Случалось, впрочем, доставалось и ему.
После стычки в колхозе с одним нашим курсовым спортсменом, членом какой-то сборной едва ли не России, тот, обиженный, по возвращении в город пришел в общагу не один.
Вслед за ним вошли и, как монументы, остановились на пороге два чудовищных габаритов малые, коих впоследствии пришлось увидеть и мне, в иных, но отчасти и аналогичных обстоятельствах…
Каким-то таинственным образом они были связаны с нашими органами правопорядка, но сами никогда не дрались, не шевелили ни бровью, ни пальцем, однако нечеловечески устрашающий вид их действовал на жертву подобно нервно-паралитическому газу, удару дубинкой…
Они именно сопровождали кого-то третьего, «обыкновенного», шустренького и злого, кто непосредственно «наводил порядок», и он-то дрался, вернее, карал по своему усмотрению, бил под столь обезоруживающе-убедительный аккомпанемент.
Спортсмен несколько раз съездил Гоше по незащищенной физиономии, проговорил нечто хлесткое и обидное в возмещенье морального ущерба, а Гоша стоял у койки, опустив руки, в драном пузырящемся на коленях трико и на глазах соседей по комнате все это терпеливо сносил…
Уже говорилось – гордыни в нем было мало.
К концу второго курса у Гоши скопились хвосты по нескольким особо занудно-зубрильным предметам, и чтобы не быть отчисленным, он взял академотпуск и ушел на сезон в поле с партией каких-то, кажется, геодезистов…

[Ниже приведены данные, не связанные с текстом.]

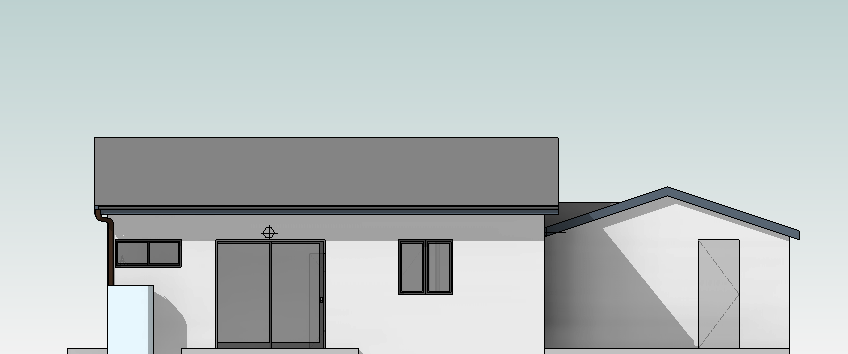 modernist exterior shot vertical wood slats white stucco dark gray roof schematic artistic trees and sky on backgrouns architecture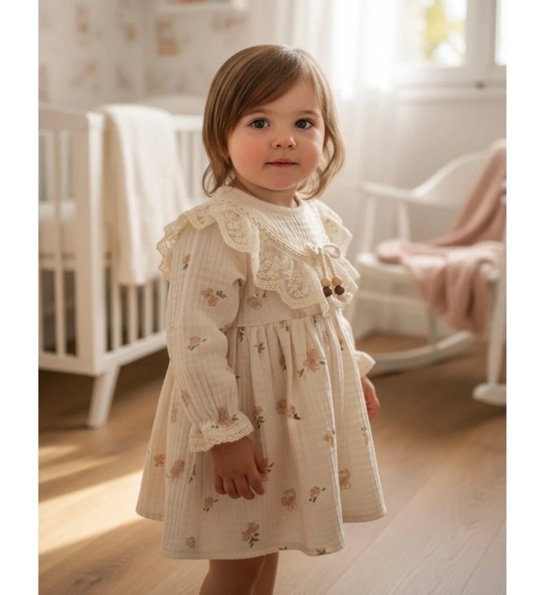 Müslin çiçek detaylı kız bebek elbisesi

В общежитии, уезжая, он оставил любимую девушку, Валю, одну из тех отнюдь не редких представительниц слабого пола, для кого нет ни мало-малейшей загадки ни в звездном небе над нами, ни в нравственном законе внутри нас, ни, наипаче того, в непоколебимых основаньях чувству перманентной внутренней правоты.
Французский католик Анри де Монтерлан про душевно-чувственную половую любовь сказал так (если верить Венедикту Ерофееву): «Это власть, оккупация чужой души…»
Весь год разлуки Валя, ширококостная большая женщина, «продружила» с Петькой Рыжим, парнем похлипче Гоши, но тоже довольно крепким, по-петушиному франтоватым, беззлобным и, как говорится, без затей.
«Как вдвинулся, – определили его по Гошином возвращении курсовые наши созерцатели, – так, мын, и от-двинулся!..»
А Гоша, он, да… он возвратился…
Он возвратился, и впервые в жизни я увидел, чтобы, наскучавшись, так мощно, так откровенно кто-то радовался наступившей встрече.
Обветренный, похуделый, он подходил по кругу к каждому из собравшейся компании и, гхыкая, гхыыкая и хыг-гыкая, хлопал нас по плечам, обнимал и прижимал с братской нежностью к своей жесткой и сильной груди…
Наверное, он вспоминал нас всех, далеких товарищей, в какую-нибудь непогодь в подтекающей ночной палатке, и мы представлялись ему гораздо лучшими, чем пребывали в реальности.
И вот прошло, минуло чуть не в один вздох с десяток лет после института, после разлучений, после рассыпа с одной недолго общей дорожки на поотдельные тропинки судьбы…
Я жил тогда в другом городе и потихоньку, в силу обстоятельств, расставался с полюбившейся мне своим напряжением хирургией, а Паша, с коим, знаваясь с третьего класса, с девятого по одиннадцатый мы вовсе просидели за одной партой, Паша, забросив кандидатскую в антресольную кладовку у себя в коридоре, работал слесарем на тракторном заводе.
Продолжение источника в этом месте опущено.